- Work order -
The pictures are to be left out when the listing below is reproduced word for word.

- Collected data -
________________________________________

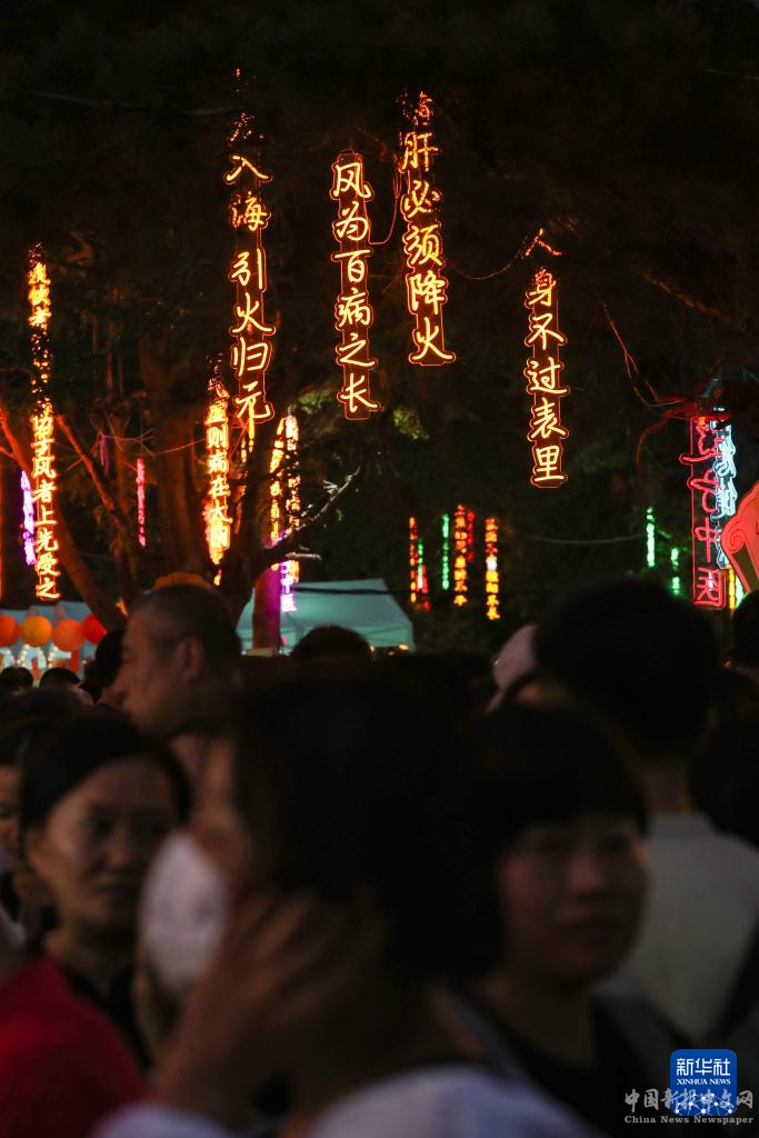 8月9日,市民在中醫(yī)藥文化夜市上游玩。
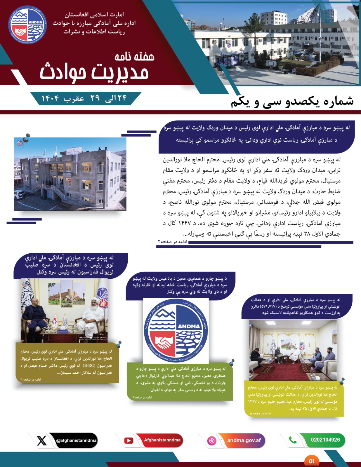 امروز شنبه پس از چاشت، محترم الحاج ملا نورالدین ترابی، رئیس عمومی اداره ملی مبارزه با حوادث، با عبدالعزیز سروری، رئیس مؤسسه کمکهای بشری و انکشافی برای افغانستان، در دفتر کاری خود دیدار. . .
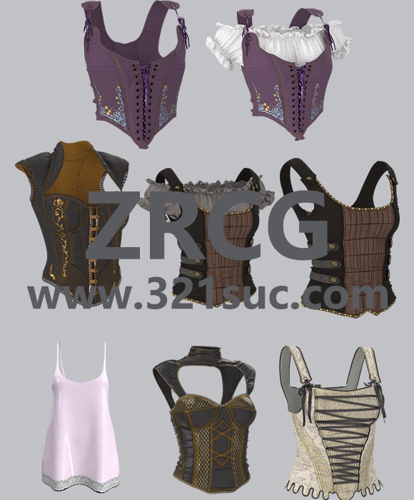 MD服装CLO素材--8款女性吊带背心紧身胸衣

________________________________________

- Result of this exercise -
 8月9日,市民在中醫(yī)藥文化夜市上游玩。
 امروز شنبه پس از چاشت، محترم الحاج ملا نورالدین ترابی، رئیس عمومی اداره ملی مبارزه با حوادث، با عبدالعزیز سروری، رئیس مؤسسه کمکهای بشری و انکشافی برای افغانستان، در دفتر کاری خود دیدار. . .
 MD服装CLO素材--8款女性吊带背心紧身胸衣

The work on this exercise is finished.